What Paul communicates in Romans 14 is to be our attitude today regarding when churches choose to gather in worship of God. For those who believe deeply that churches should not cancel worship service on Sunday, and even more on Christmas Sunday, I sense your heart is for Christ to be honored on the day we celebrate His birth. And while you might not like or agree with their decision, they are not in sin. Therefore, those churches should not be targeted and publicly called out as doing something wrong nor should those who attend them be encouraged to leave. That’s divisive and subversive, especially if sin or false doctrine is not involved. Paul actually instructs believers on how to respond in the face of differing views in Romans 14:19, “So then, let us pursue what promotes peace and what builds up one another.”

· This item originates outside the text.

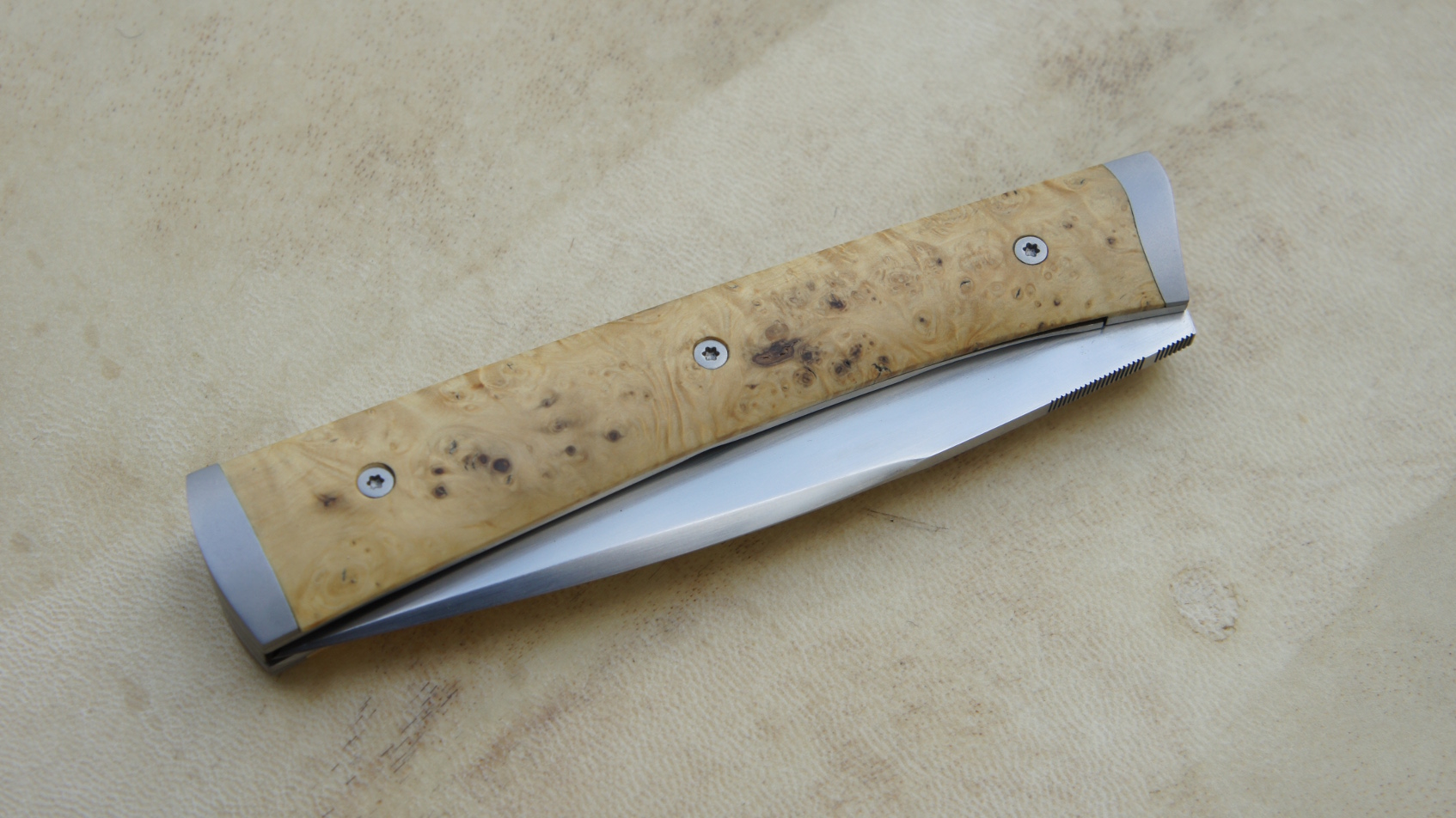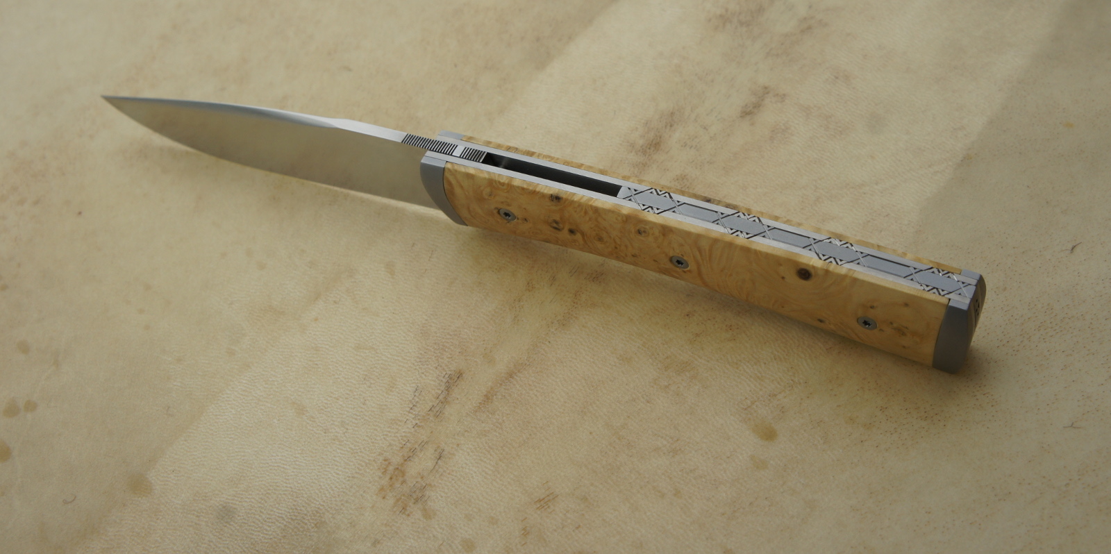 Guardian Loupe de Buis & 14c28n Mitres Fines Post author:cyrilka Post published:10 juillet 2017 Post category:Couteaux / Couteaux pliants / Guardian Post comments:0 commentaire Couteau pliant de type liner lock. Lame inoxydable 14c28n – plaquettes loupe de buis – mitres fines – platines titane – guillochage Longueur de lame : 9,5 cm. Longueur totale : 20,7 cm. Poids : 82 grs. Tags: 14c28n, artisanal, chenailler, chenailler mascheix, corrèze, couteau, coutellerie, cyril kalisz, demontable, guardian, guillochage, inox, inoxydable, kalisz, Liner lock, loupe de buis, mascheix, mitres fines, stablisée Read more articles Article précédentGuardian Buis & 125SC trempe sélective parkérisée Article suivantGuardian 125SC & Bois de Fer – passe lacet Vous devriez également aimer Treyssac -S- Niolox et Amboine 23 février 2015 P’tit PlanKa 24 février 2011 Treyssac Fusion 115W8 & bois de cerf 14 mars 2019 Laisser un commentaire Annuler la réponseCommentEnter your name or username to comment Enter your email address to comment Enter your website URL (optional) Enregistrer mon nom, mon e-mail et mon site dans le navigateur pour mon prochain commentaire. Je m'inscrit à la liste d'informations Δ Ce site utilise Akismet pour réduire les indésirables. En savoir plus sur comment les données de vos commentaires sont utilisées.

Those who have publicly or interpersonally vocalized criticism over churches choosing to switch worship services from Christmas Day to Saturday or Friday, are more in the wrong according to Scripture than those churches you disagree with. In your zeal, you’ve crossed the line, not them. So I ask you, please humble yourself, delete any critical posts you’ve made, let this go, and don’t tear down God’s work over “a day”. Pray for these churches, that they may attract more unbelievers or those unchurched with their Friday and Saturday services this Christmas season. Pray that God would use their switching worship service days unto His glory because He has permitted it so.

This is a season of celebration. Let’s not allow the enemy to continue to distract us. Let’s recapture this season for what it is and not waste time and words criticizing one another over “a day” when God will still be worshipped and His gospel still proclaimed all over the world this Friday through Sunday.